> _Your task_
Using the data that follows, give again word for word the lines between the one holding "1.1. Istruzioni di" and the one holding "1年生と2年生が学年末テスト", inclusive. Omit the pictures.
===== Source material
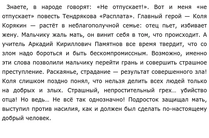 Ольга умышленно совершала убийства. Она неоднократно прибегала к хитрой мести… Ради чего? Ради любви к мужу и интересов государства! А ради чего Коля Корякин совершает преступление? Он следует наставлению учителя: «Добро должно любой ценой теснить зло». Но цена этого наставления слишком
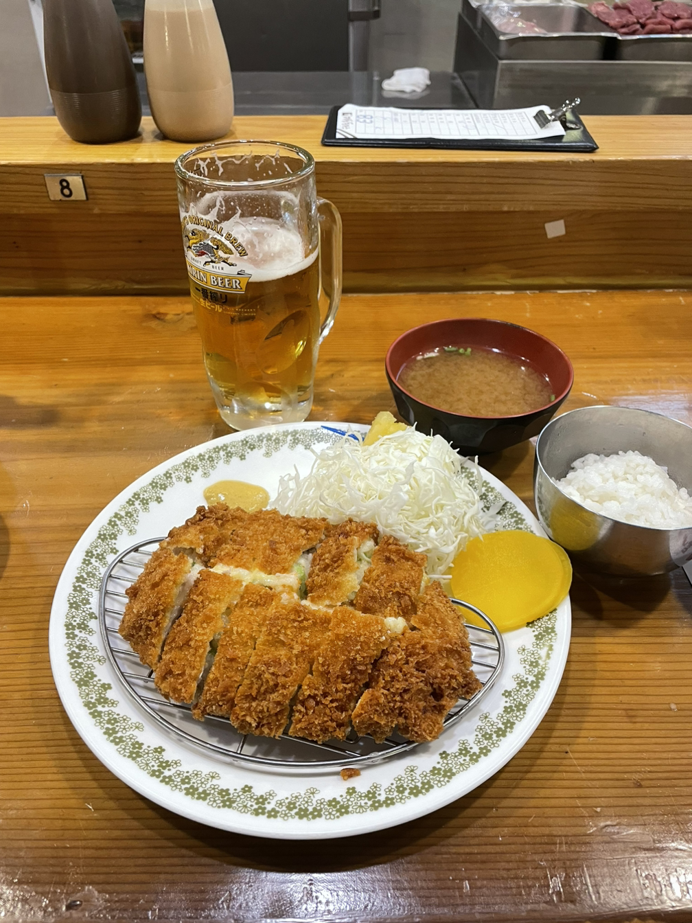 명동돈가스에 가면 항상 코돈부루를 먹는다. 얇게 썬 돼지고기가 치즈, 양송이, 피망, 양파를 감싸고 있는 돈가스다. 쉽게 말하면 치즈돈가스다. 주로 혼자 가면 1층 다찌석에 앉는데, 메뉴판을 건네받기도 전에 코돈부루, 기린 생맥주 한잔을 시킨다. 주문을 하면 생맥주를 먼저 내어주신다. 잊지 않고 양배추 샐러드도 함께 내어주신다. 기다리는 동안 맥주 마시며 안주 삼으라고.
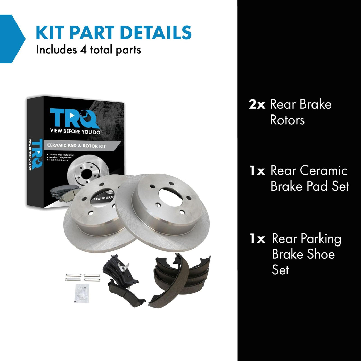 Trq Rear Brake Pad & Rotor Kit Brake Pads Brake Rotor Parking Brake Shoe Set Ceramic Compatible With 2000-2001 Ford Explorer 200
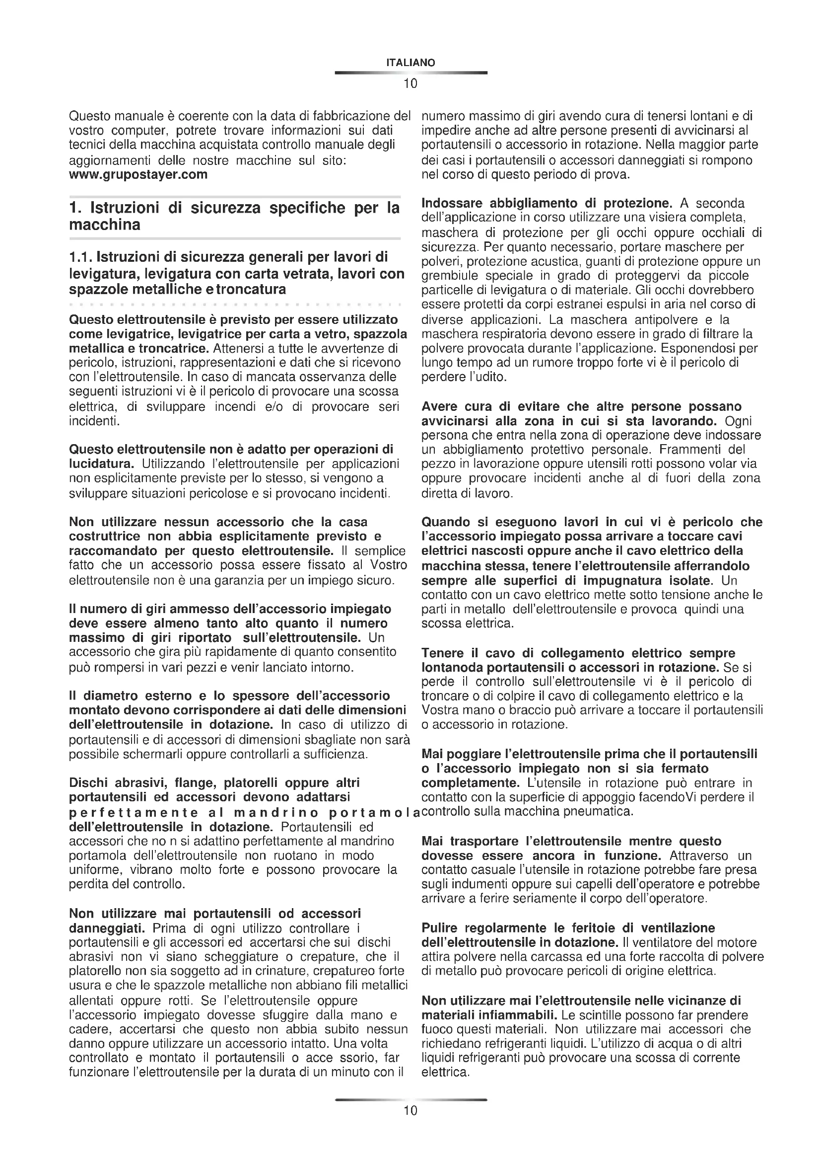1.1. Istruzioni di sicurezza generali per lavori di levigatura, levigatura con carta vetrata, lavori con spazzole metalliche e troncatura
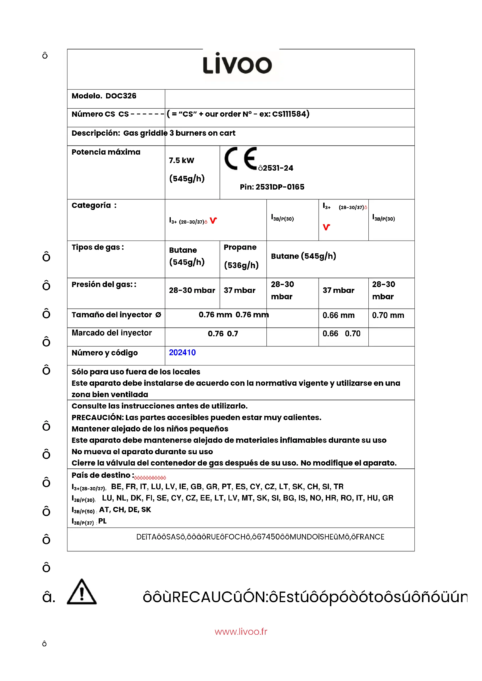 Modelo. DOC326 Número CS CS - - - - - - ( = “CS” + our order N° - ex: CS111584) Descripción: Gas griddle 3 burners on cart Potencia máxima 7.5 kW (545g/h) 2531-24 Pin: 2531DP-0165 Categoría :
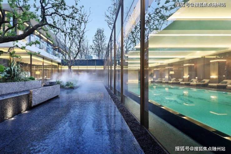 夜幕降临时,镶嵌在下沉式庭院里的室内恒温泳池,像是一个巨大的玉匣,同样散发着迷人的光芒。当你畅游在这秋水澄流中,你又变成了「琳琅珠玉」的写照。
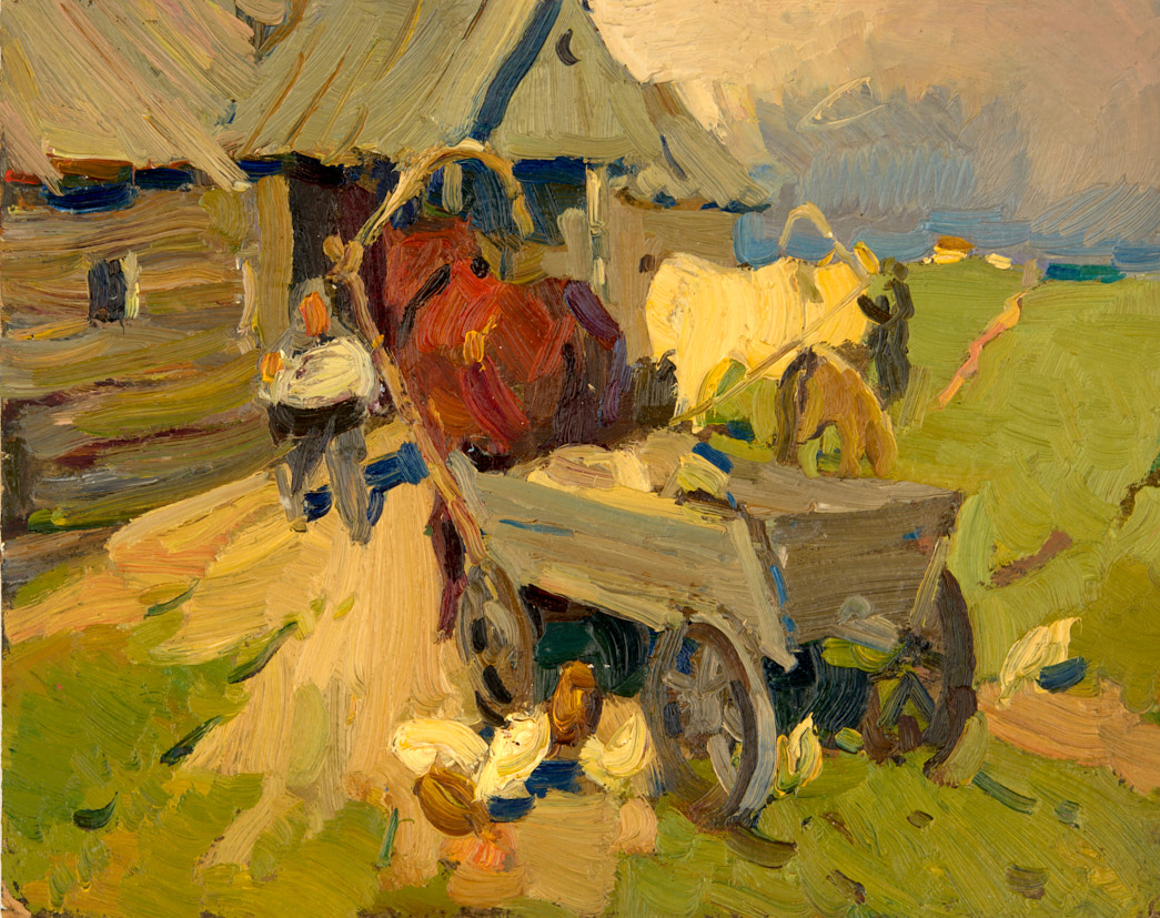 Пейзаж с телегами и жеребенком. 1950-е гг. Картон, масло, 22,5×28 см.
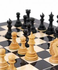 Ein hochwertiges Schachset aus Ebenholz, das sich mit einem großen Schachbrett kombinieren lässt und ihrer Einrichtung Charakter verleiht.
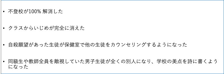 いじめにあっていた女子生徒と一緒に美点発見をやっていたら、途中で「私、もうみんな大好きになったから、先生、もう遊んで来ても良いですか?」と言って友達と遊びに行った、というエピソードもあります。
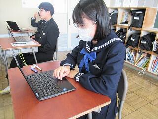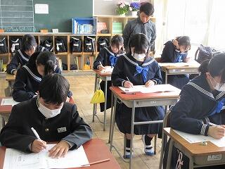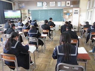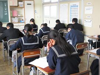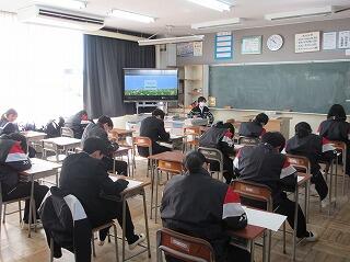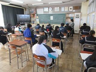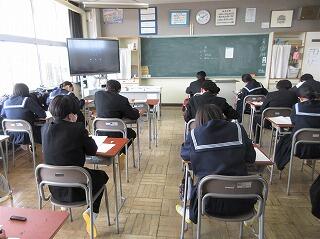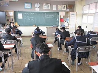 1年生と2年生が学年末テストを受けています。普段の授業で学んだことや家庭で学習(復習)したことが、しっかりと身に付いているのか確認するのが定期テストです。テストの終了時刻まで懸命に考えて、解答を出すことに集中しています。
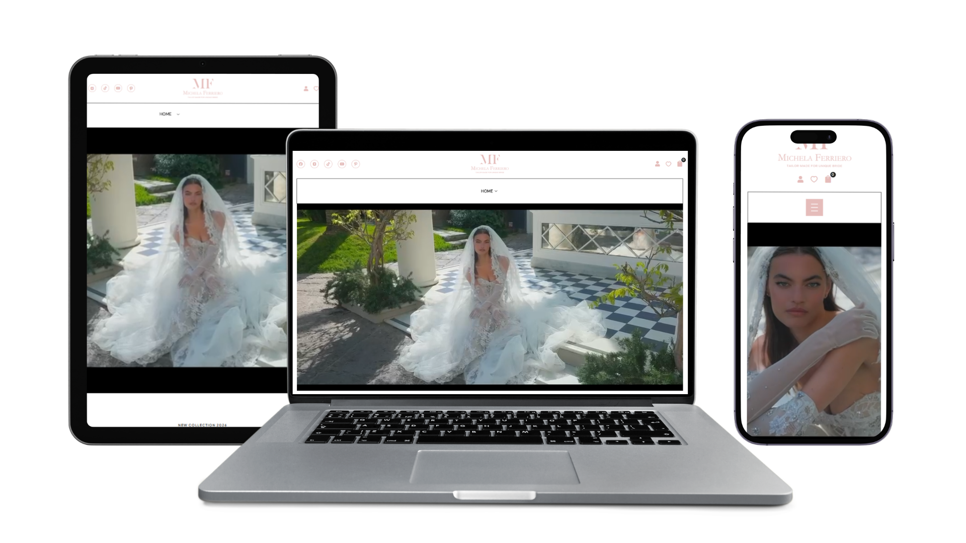 Michela Ferriero è un brand sinonimo di lusso, innovazione e artigianalità sartoriale nel settore bridal. La nostra sfida è stata quella di proiettare l’immagine ricercata e sofisticata della Maison su una piattaforma web che parlasse un linguaggio internazionale, capace di affascinare sia le future spose che i buyer dei più prestigiosi showroom mondiali.
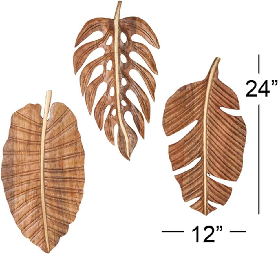 Mango Wood Leaf Handmade Carved Wall Decor Set of 3 24" W, 12" H Brown
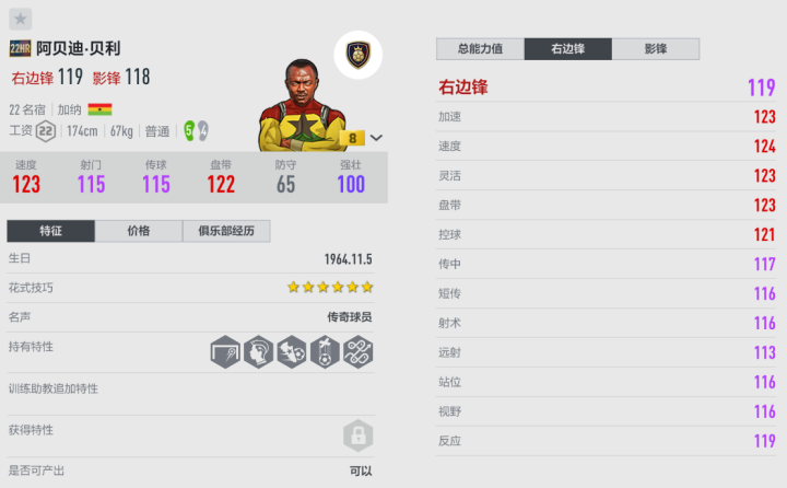 前加纳著名足球运动员阿贝迪·贝利曾长年在欧洲五大联赛效力,在里昂、马赛、里尔等球队里均有着不错表现,特别是1993年帮助马赛夺得欧冠冠军,这是其职业生涯最辉煌的时刻,同时两度获得非洲足球先生也足以说明其实力。 游戏里HR阿贝迪·贝利也是一张实用性不错的优秀边锋,对于所属的俱乐部套来说,能起到很好的补充作用。阿贝迪的手感舒适,控制起来轻盈,拿球也灵活,可以尝试边路的1V1突破;阿贝迪突破后可以选择内切,晃开空间的搓射是他的绝活;除了射门能力强,阿贝迪的传球也很靠谱,逆足是4,但是也能送出一脚直塞和横传,而顺足的传中精度更值得信赖;阿贝迪的缺点是对抗有点薄弱,需要减少身体接触。总的来说瑕不掩瑜,HR阿贝迪·贝利能够成为非热门套装的重要球员,帮助玩家们在进攻端建立优势。
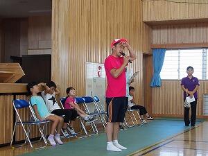リズム遊びから始まり,最後には全身を使って「勇気100%」を楽しく歌いました。
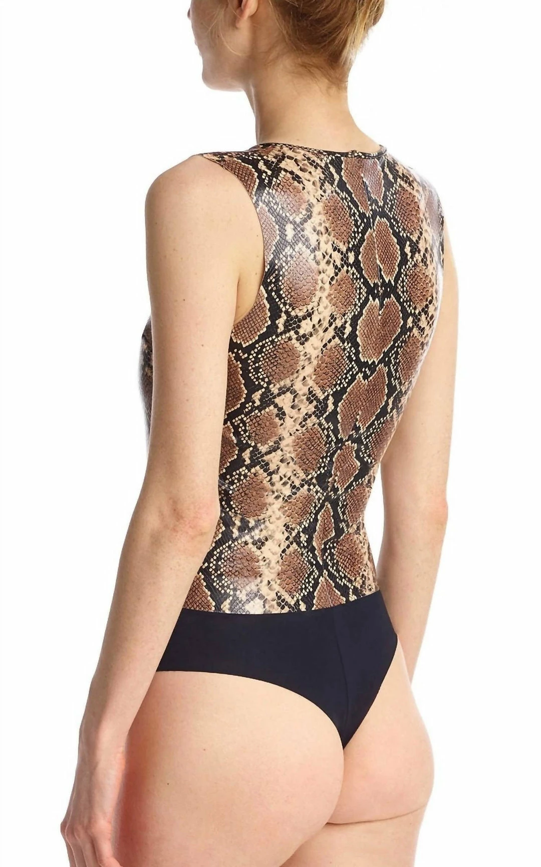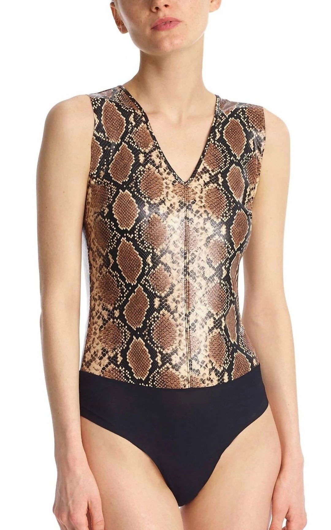 Faux leather bodyFour-way stretch faux leatherSmoothing PropertiesSignature raw-cut thong bottomSnap closure at bottom
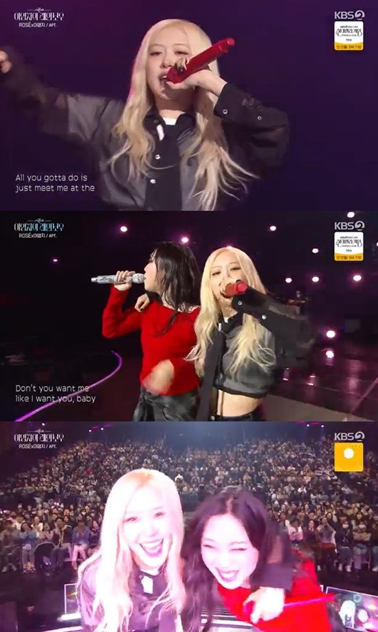 이날 두 번째로 무대에 오른 로제는 객석에서 화제의 신곡 '아파트(APT.)'를 부르며 깜짝 등장했다. 특히 브루노 마스 대신, MC 이영지가 무대에 올라 특별한 컬래버 무대를 만들어 환호를 받았다.
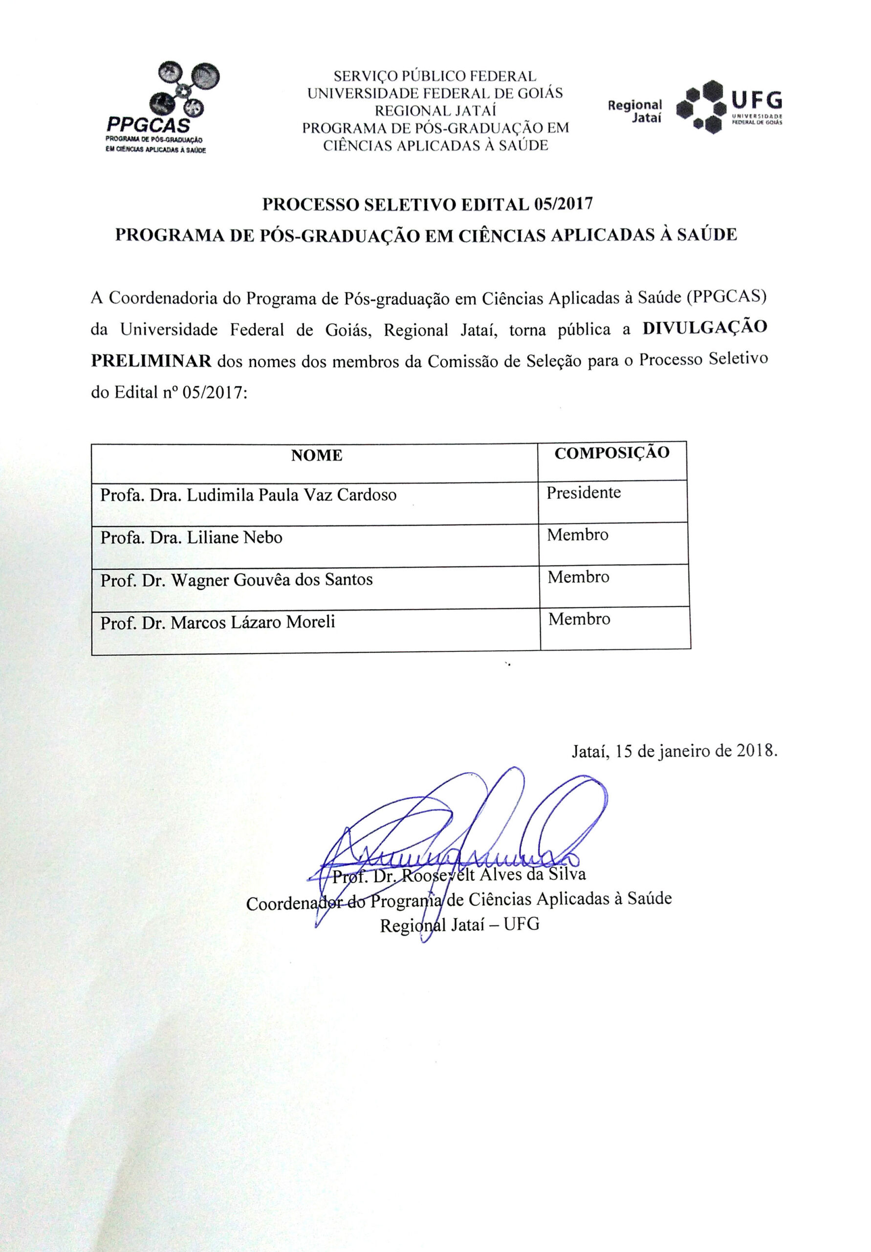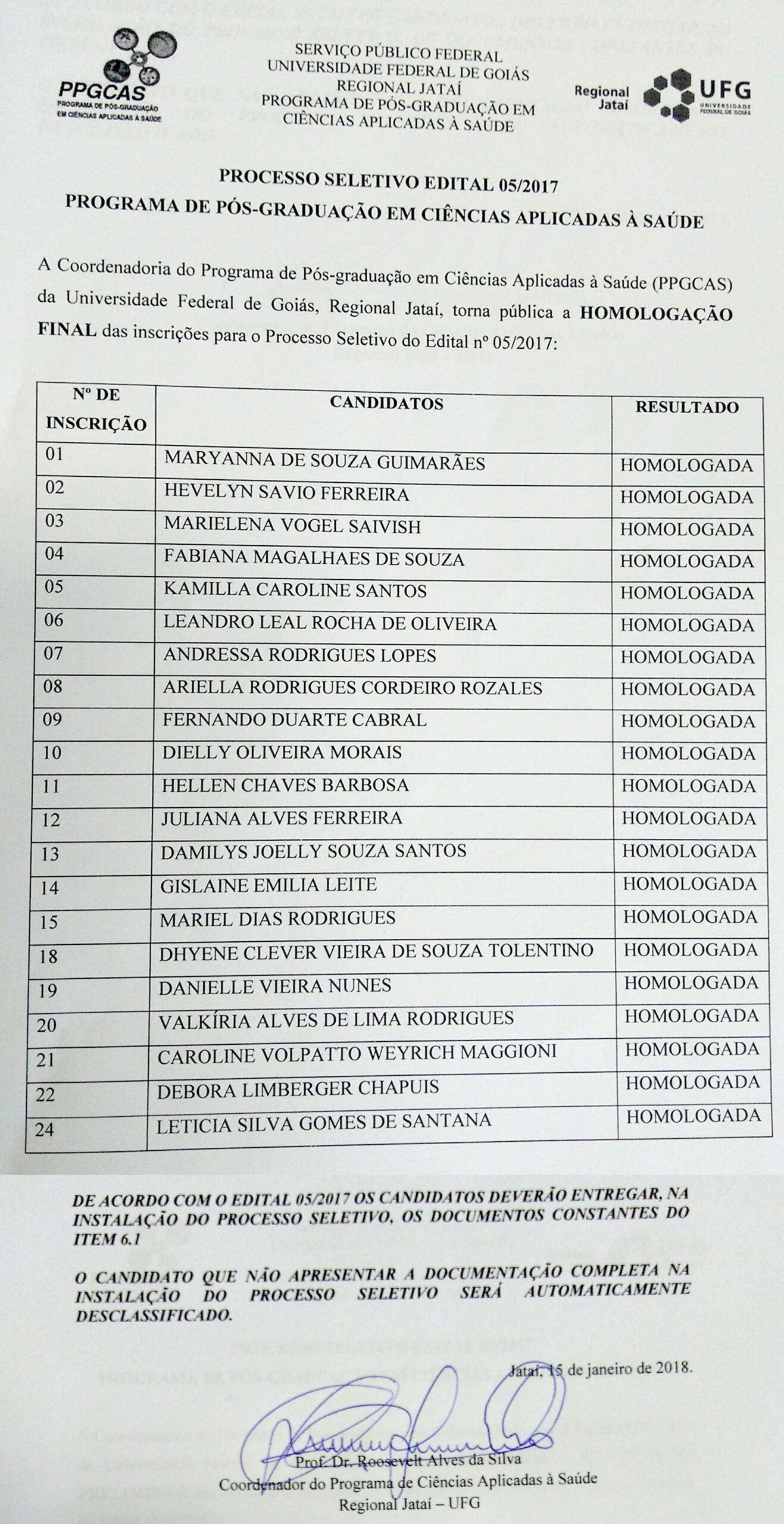 A Coordenadoria do Programa de Pós-graduação em Ciências Aplicadas à Saúde (PPGCAS) – Nível Mestrado da Universidade Federal de Goiás, Regional Jataí, vem tornar público aos interessados que estarão abertas as inscrições para o seu Processo Seletivo, turma 2018, no período de 22/11/2017 a 05/01/2018, de segunda-feira a sexta-feira, exceto feriados, nos horários de 08:00 às 17:00 h, na Secretaria Geral da Pós-graduação ou via email (sgp.ufg@gmail.com). Outras informações poderão ser obtidas na Secretaria do Geral da Pós-graduação, situada no prédio da Pós-graduação da Universidade Federal de Goiás, Regional Jataí, Campus Jatobá, Cidade Universitária, BR 364, Km 192, Pq. Industrial 3800, CEP: 75801-615 – Jataí/Goiás – telefone (64) 3606-8331 – e-mail: sgp.ufg@gmail.com.
==========
> _Answer for the task_
1.1. Istruzioni di sicurezza generali per lavori di levigatura, levigatura con carta vetrata, lavori con spazzole metalliche e troncatura
 Modelo. DOC326 Número CS CS - - - - - - ( = “CS” + our order N° - ex: CS111584) Descripción: Gas griddle 3 burners on cart Potencia máxima 7.5 kW (545g/h) 2531-24 Pin: 2531DP-0165 Categoría :
 夜幕降临时,镶嵌在下沉式庭院里的室内恒温泳池,像是一个巨大的玉匣,同样散发着迷人的光芒。当你畅游在这秋水澄流中,你又变成了「琳琅珠玉」的写照。
 Пейзаж с телегами и жеребенком. 1950-е гг. Картон, масло, 22,5×28 см.
 Ein hochwertiges Schachset aus Ebenholz, das sich mit einem großen Schachbrett kombinieren lässt und ihrer Einrichtung Charakter verleiht.
 いじめにあっていた女子生徒と一緒に美点発見をやっていたら、途中で「私、もうみんな大好きになったから、先生、もう遊んで来ても良いですか?」と言って友達と遊びに行った、というエピソードもあります。
 1年生と2年生が学年末テストを受けています。普段の授業で学んだことや家庭で学習(復習)したことが、しっかりと身に付いているのか確認するのが定期テストです。テストの終了時刻まで懸命に考えて、解答を出すことに集中しています。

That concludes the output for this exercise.